- [Data below]:
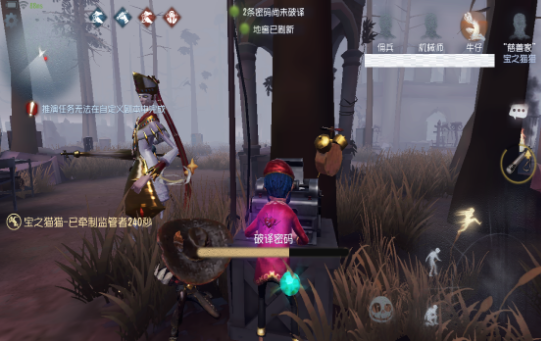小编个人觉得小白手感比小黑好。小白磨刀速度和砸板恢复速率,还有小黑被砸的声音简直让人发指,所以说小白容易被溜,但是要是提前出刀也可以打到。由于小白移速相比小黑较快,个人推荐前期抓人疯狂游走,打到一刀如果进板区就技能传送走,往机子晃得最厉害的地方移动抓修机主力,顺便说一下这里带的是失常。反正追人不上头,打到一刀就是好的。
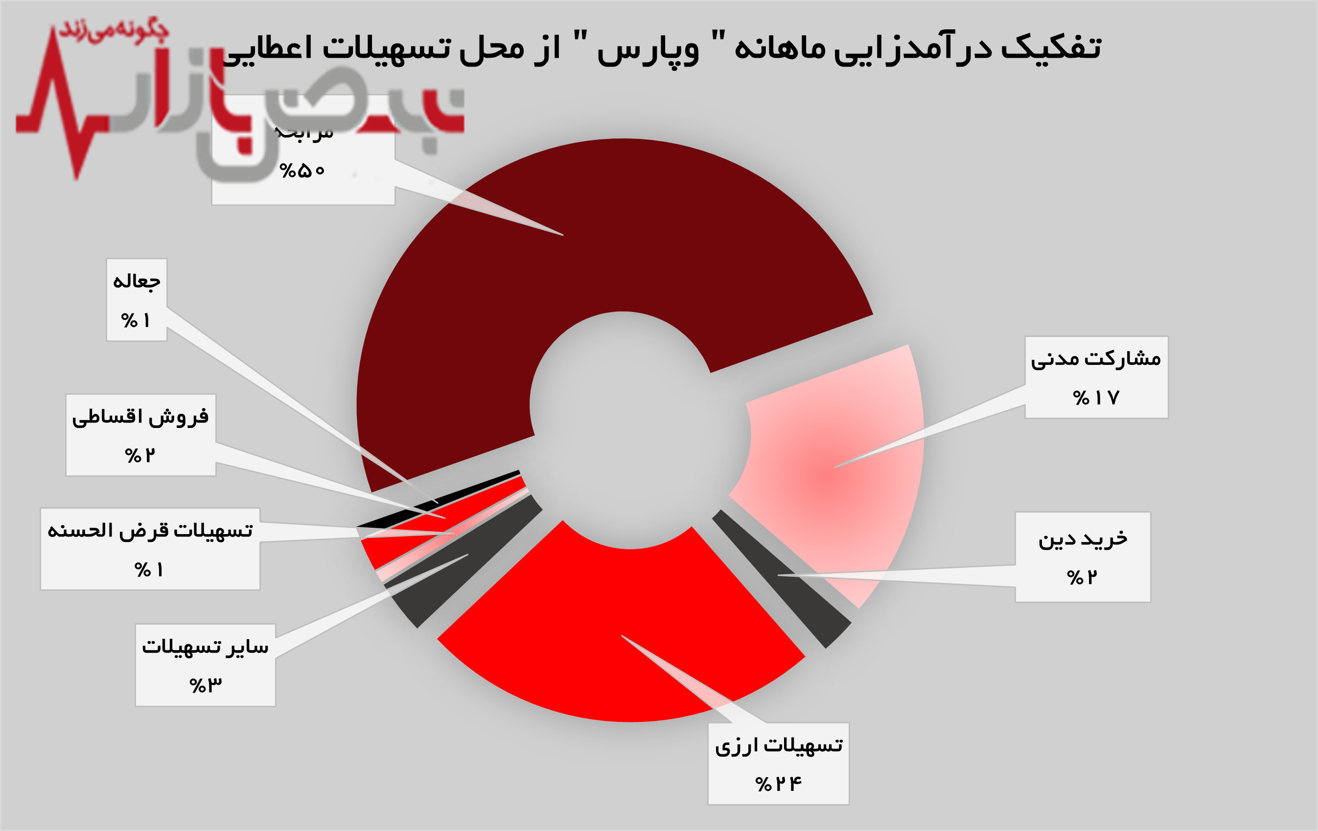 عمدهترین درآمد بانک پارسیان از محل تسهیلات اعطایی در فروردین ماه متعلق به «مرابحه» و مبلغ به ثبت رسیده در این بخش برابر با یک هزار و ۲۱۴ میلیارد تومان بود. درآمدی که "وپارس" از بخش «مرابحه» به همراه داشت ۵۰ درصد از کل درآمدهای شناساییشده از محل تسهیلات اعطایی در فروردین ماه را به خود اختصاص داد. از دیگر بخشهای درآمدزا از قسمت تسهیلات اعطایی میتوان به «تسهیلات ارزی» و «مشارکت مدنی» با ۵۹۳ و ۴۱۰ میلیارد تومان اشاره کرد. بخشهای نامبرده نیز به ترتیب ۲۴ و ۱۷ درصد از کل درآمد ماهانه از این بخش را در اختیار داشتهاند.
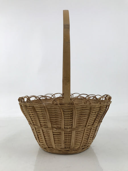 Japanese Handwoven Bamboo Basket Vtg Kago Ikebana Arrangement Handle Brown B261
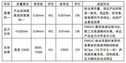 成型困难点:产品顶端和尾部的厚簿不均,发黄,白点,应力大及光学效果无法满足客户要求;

- [Try it]:
Only the lines from the one holding "Japanese Handwoven Bamboo" through the end of the data are to be printed, exactly as they stand and with no pictures.

- [Exercise response]:
 Japanese Handwoven Bamboo Basket Vtg Kago Ikebana Arrangement Handle Brown B261
 成型困难点:产品顶端和尾部的厚簿不均,发黄,白点,应力大及光学效果无法满足客户要求;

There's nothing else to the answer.